Robust Video Content Analysis via Transductive Learning

  • Authors:
  • Ralph Ewerth;Markus Mühling;Bernd Freisleben

  • Affiliations:
  • University of Marburg, Germany;University of Marburg, Germany;University of Marburg, Germany

  • Venue:
  • ACM Transactions on Intelligent Systems and Technology (TIST)
  • Year:
  • 2012

Quantified Score

Hi-index 0.00

Visualization

Abstract

Reliable video content analysis is an essential prerequisite for effective video search. An important current research question is how to develop robust video content analysis methods that produce satisfactory results for a large variety of video sources, distribution platforms, genres, and content. The work presented in this article exploits the observation that the appearance of objects and events is often related to a particular video sequence, episode, program, or broadcast. This motivates our idea of considering the content analysis task for a single video or episode as a transductive setting: the final classification model must be optimal for the given video only, and not in general, as expected for inductive learning.

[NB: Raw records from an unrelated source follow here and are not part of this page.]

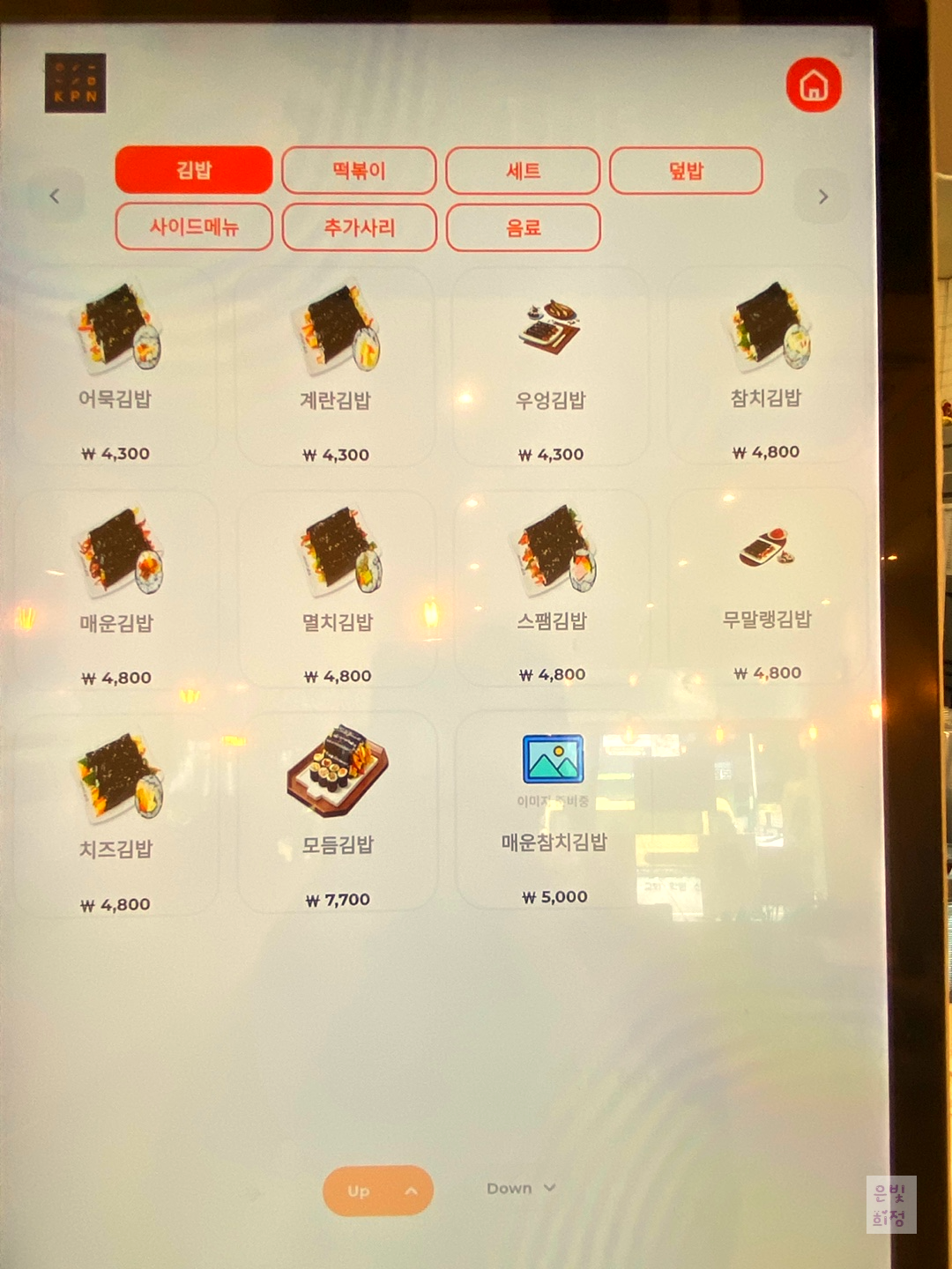 메뉴판이다. 떡볶이는 맵기조절이 된다.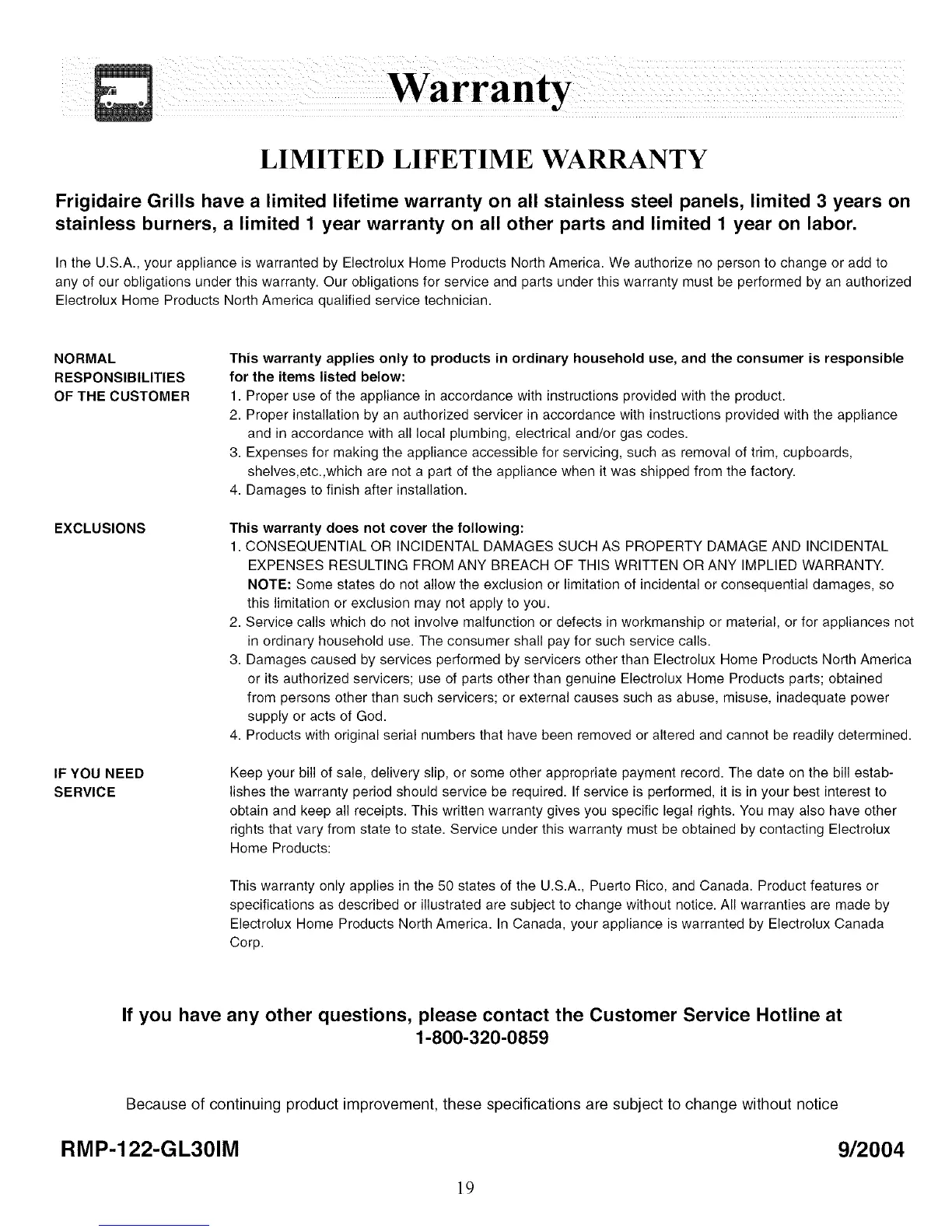 Frigidaire Grills have a limited lifetime warranty on all stainless steel panels, limited 3 years on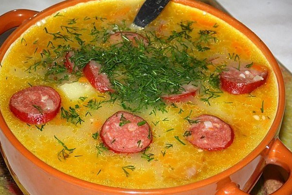 Пять штук охотничьих колбасок, один стаканчик гороха, одну штуку плавленого сырка, три картофелины, одна морковка, репчатый лук одна луковица, зелень на любителя, соль, перец по желанию, и масло растительное.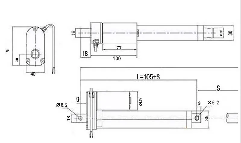 Параметры изделия: 1. Напряжение привода: 12 В постоянного тока 2. Максимальная тяга: 150 кг/1500н 3. Минимальный размер установки (полностью убирается посередине расстояния между двумя отверстиями): L1 = Ход + 105 мм 4. Максимальный установочный размер (полностью выдвигается вокруг середины расстояния двух отверстий): L = 2xS (ход) + 105 мм 5. Температура окружающей среды: от-26 до + 65 градусов 6. Класс защиты: IP 54 7. Встроенные концевые выключатели (по завершении хода линейный привод автоматически останавливается!) 8. Низкий уровень шума, уровень шума ниже 42 дБ 9. Правило работы: 10%. Номинальная тяга загрузки требует 10% рабочей нормы. В 20 минут 2 минуты работы 18 минут отдыха. Если более низкая нагрузка может продлить время работы. 10. Максимальная сила самоблокировки 2300N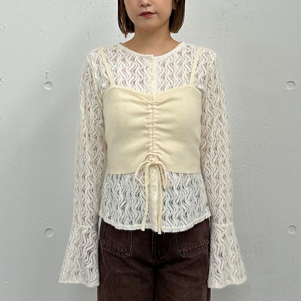 ニットビスチェは、フロントのドロストで丈感やシルエットをアレンジ可能。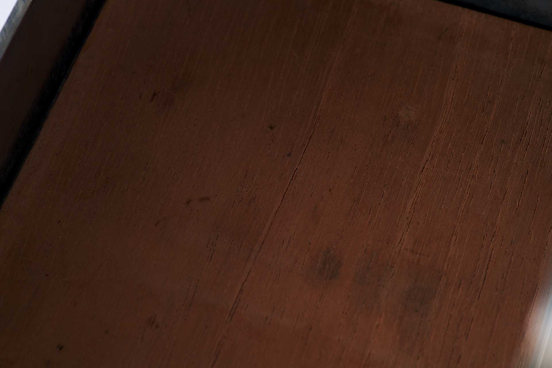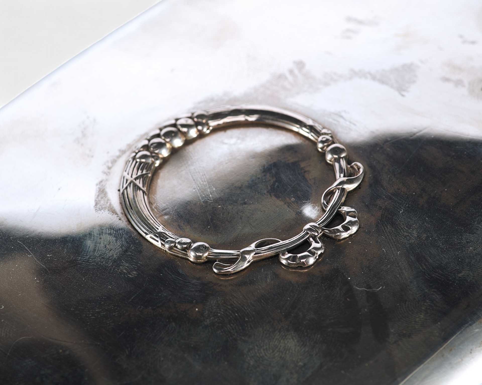 Представлена серебряная шкатулка на крышке, которой изображен самостоятельный орнаментальный элемент в виде кольца, украшенного бутонами роз с повязанной сверху лентой. Донце шкатулки выполнено из деревянной дощечки.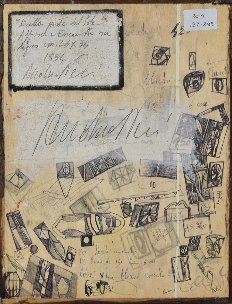 Neri DALLA PARTE DEL SOLE affresco più encausto su legno, cm 34x26 sul retro:...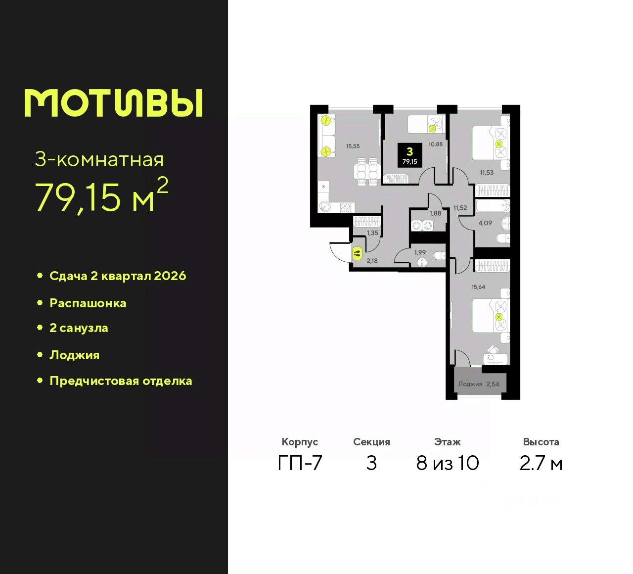 Просторная 3-комн. квартира с предчистовой отделкой в ЖК ''Мотивы'' на 8 этаже. Общая площадь: 79.15 кв.м., жилая: 38.05 кв.м., площадь просторной кухни-столовой: 15.55 кв.м. Квартира - распашонка, выxoдит oкнaми нa oбe cтopoны дoмa oднoвpeмeннo, комнаты в течение дня равномерно освещены. В квартире одна лоджия, один совмещенный и один раздельный санузел. Высота потолков 2.7 м.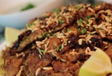 • سلق كمية اللحم في الماء، والتخلص من الرغوة على الوجة، وتضاف إليها كمية البهارات من القرفة والهيل وورق الغار، وتترك على النار الهادئة لتغلي لمدة لا تقل عن ساعة ونصف.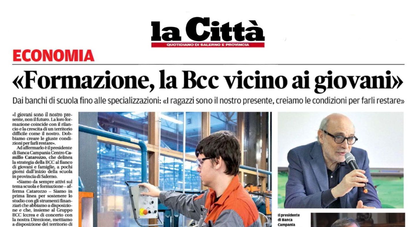 Sul quotidiano La Città di Salerno un approfondimento sulle iniziative attivate da Banca Campania Centro per sostenere i giovanie la loro formazione. Tra queste, si parla anche dell’ITS Te.La., di cui Banca Campania Centro è socio fondatore insieme a Confindustria Salerno, Camera di Commercio di Salerno, Confagricoltura Salerno, ANICAV Associazione, Provincia di Salerno, Università degli Studi di Salerno, Istituti Superiori, Enti di formazione e primarie aziende di riferimento dell’intera filiera agroalimentare, dai prodotti agricoli, alla trasformazione, fino al packaging.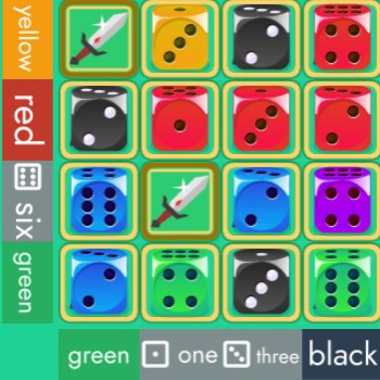 Война кубиков (Dices War) разворачивается на зелёном сукне игрового стола. У вас простая цель – набрать больше победных очков, чем соперник. Посмотрите на поле: сбоку и снизу есть условия для размещения костей. Если вы будете соблюдать эти требования, получите заветные очки. Но из-за фактора случайности и вражеских атак иногда приходится ходить впустую.
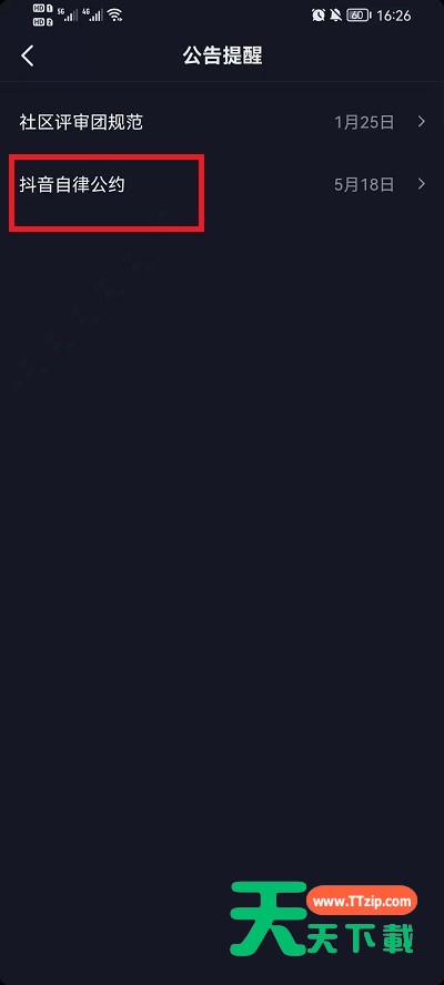 谢谢大家的阅读这篇抖音查看社区自律公约方法,希望本文能帮助到大家!更多手机教程请关注天天下载!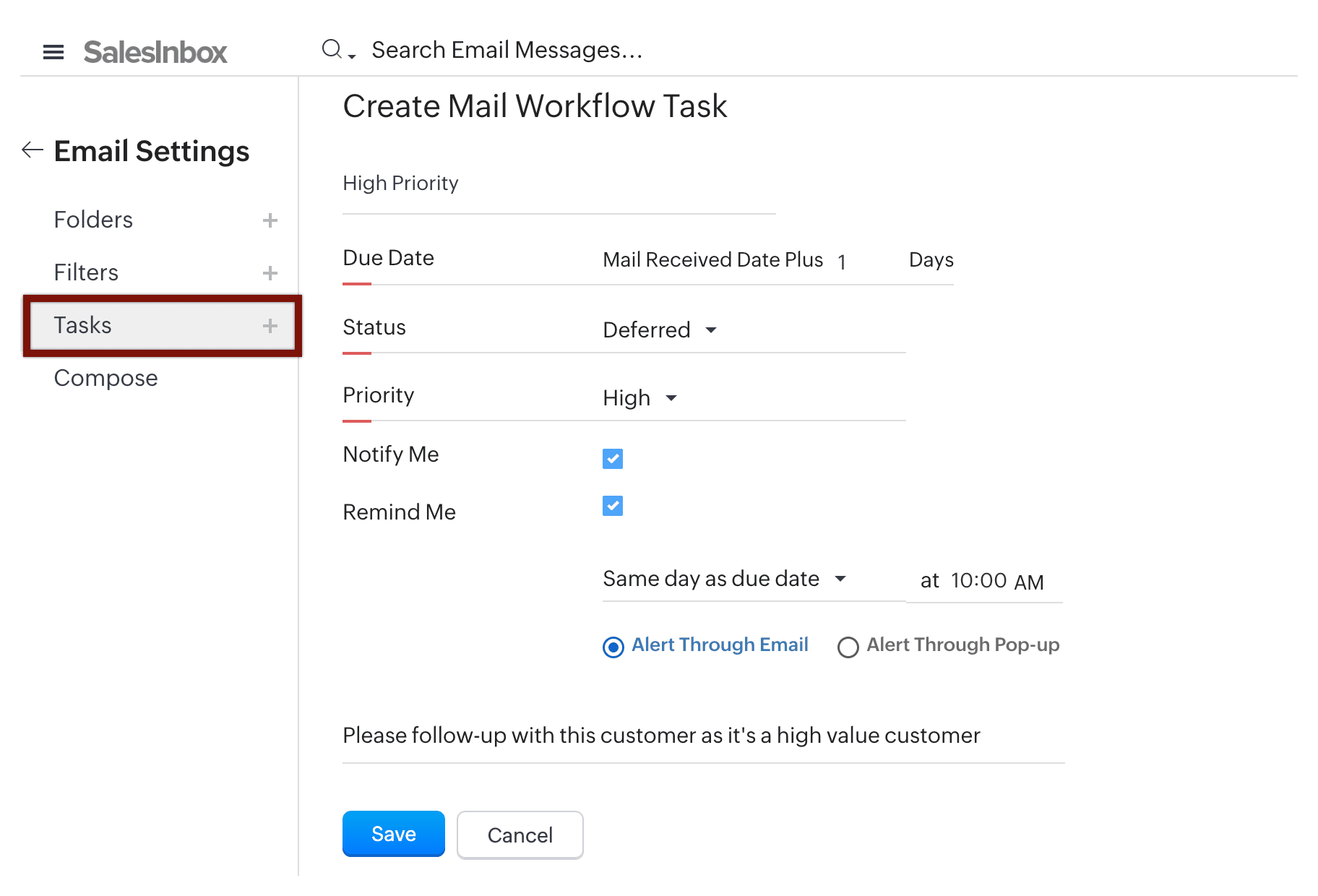 - Automatizarea sarcinilor din fluxul de lucru cu emailuri: Poți configura sarcini automate pentru emailurile primite pe baza datelor scadente, cum ar fi trimiterea de notificări, memento-uri și mesaje.

For this purpose, the unlabeled video test data have to be used in the learning process. In this article, a transductive learning framework for robust video content analysis based on feature selection and ensemble classification is presented. In contrast to related transductive approaches for video analysis (e.g., for concept detection), the framework is designed in a general manner and not only for a single task. The proposed framework is applied to the following video analysis tasks: shot boundary detection, face recognition, semantic video retrieval, and semantic indexing of computer game sequences. Experimental results for diverse video analysis tasks and large test sets demonstrate that the proposed transductive framework improves the robustness of the underlying state-of-the-art approaches, whereas transductive support vector machines do not solve particular tasks in a satisfactory manner.